I must say, comrades, that Trotsky has chosen a very inappropriate moment for his attacks on the Party and the Comintern. I have just received information that the British Conservative government has decided to break off relations with the U.S.S.R. There is no need to prove that this will be followed by a universal campaign against the Communists. This campaign has already begun. Some are threatening the C.P.S.U.(B.) with war and intervention. Others threaten it with a split. Something like a united front from Chamberlain to Trotsky is being formed.
It is possible that they want to frighten us. But it scarcely needs proof that Bolsheviks are not the sort to be frightened. The history of Bolshevism knows plenty of such “fronts.” The history of Bolshevism shows that such “fronts” have invariably been smashed by the revolutionary determination and supreme courage of the Bolsheviks.

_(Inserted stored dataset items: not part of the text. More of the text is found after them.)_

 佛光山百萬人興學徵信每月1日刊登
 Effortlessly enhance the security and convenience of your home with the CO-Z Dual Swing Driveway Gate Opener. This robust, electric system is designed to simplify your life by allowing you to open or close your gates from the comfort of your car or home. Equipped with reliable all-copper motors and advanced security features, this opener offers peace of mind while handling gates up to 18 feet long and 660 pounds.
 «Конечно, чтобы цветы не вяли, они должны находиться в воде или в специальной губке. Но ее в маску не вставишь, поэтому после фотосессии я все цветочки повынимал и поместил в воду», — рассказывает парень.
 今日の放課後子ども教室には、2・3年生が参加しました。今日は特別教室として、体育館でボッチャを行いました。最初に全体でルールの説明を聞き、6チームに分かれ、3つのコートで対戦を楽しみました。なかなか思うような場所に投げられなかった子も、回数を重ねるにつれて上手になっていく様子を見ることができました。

You need have no doubt that we shall succeed in smashing this new “front” too. (Applause.)
1 The Eighth Plenum of the Executive Committee of the Communist International was held in Moscow, May 18-30, 1927. It discussed the tasks of the Comintern in the struggle against war and the war danger, the tasks of the British Communist Party, questions of the Chinese revolution, and other items. J. V. Stalin delivered a speech on “The Revolution in China and the Tasks of the Comintern” at the tenth sitting of the plenum, on May 24. The plenum assessed the international situation, outlined a programme of struggle against the threat of war, and, in connection with Great Britain’s severance of diplomatic and trade relations with the U.S.S.R., adopted an appeal “To the Workers and Peasants of the World. To All Oppressed Peoples. To the Soldiers and Sailors.” The leaders of the anti-Party Trotsky-Zinoviev bloc took advantage of the sharpened international position of the U.S.S.R. to launch slanderous attacks at the plenum on the leadership of the Comintern and the C.P.S.U.(B.). In a special resolution, the plenum sharply condemned the splitting tactics of the opposition leaders and warned them that if they persisted in their factional struggle they would be expelled from the Executive Committee of the Comintern.

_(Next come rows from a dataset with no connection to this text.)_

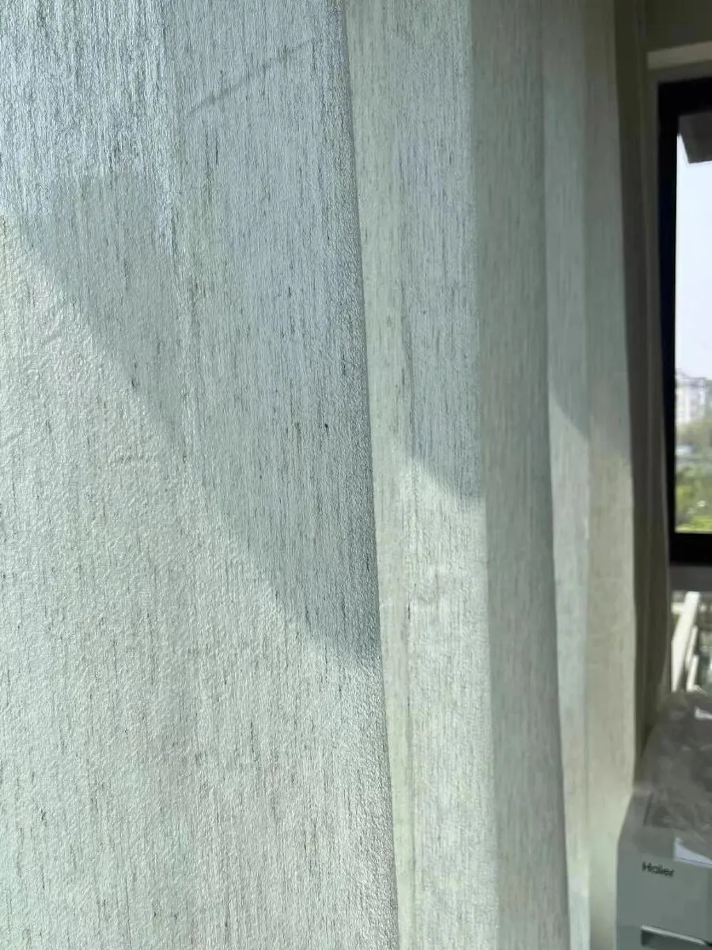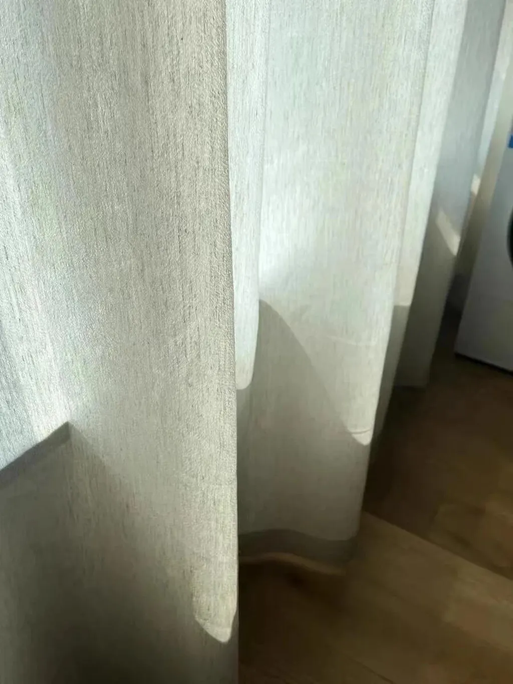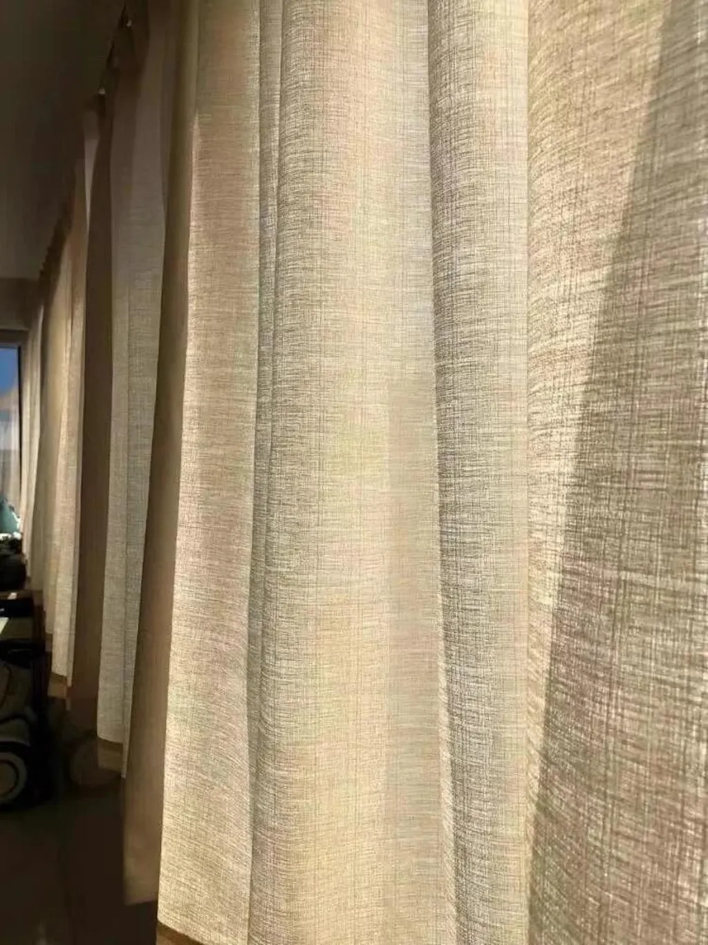 Second, the impact of fabric form and background: When folded, the fabric is smooth; when hung, folds create light and shadow, making the color appear darker or uneven. Additionally, when the curtains are installed next to walls or furniture, the background color sets off and amplifies tonal deviations.
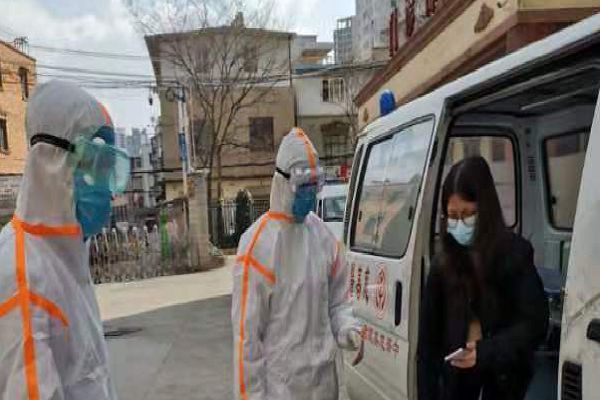 西山区马街街道计生协配合医护人员送密切接触者至西山区中医院隔离。
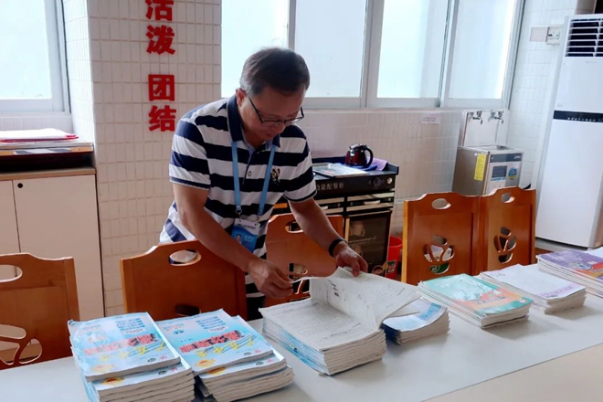 郭懷財(cái)檢查學(xué)生作業(yè)情況

2 This refers to the appeal entitled “To the Proletarians and Peasants of the World. To All Oppressed Peoples,” adopted by the Executive Committee of the Communist International on April 14, 1927. The appeal was published in Pravda, No. 85, April 15, 1927.
* See this volume, pp. 224-34.—Ed.
** My italics.—J. St.
** My italics.—J. St.
3 See Friedrich Engels, Die Bakunisten an der Arbeit, in Der Volkstaat, Nr. 105, 106, 107, 1873.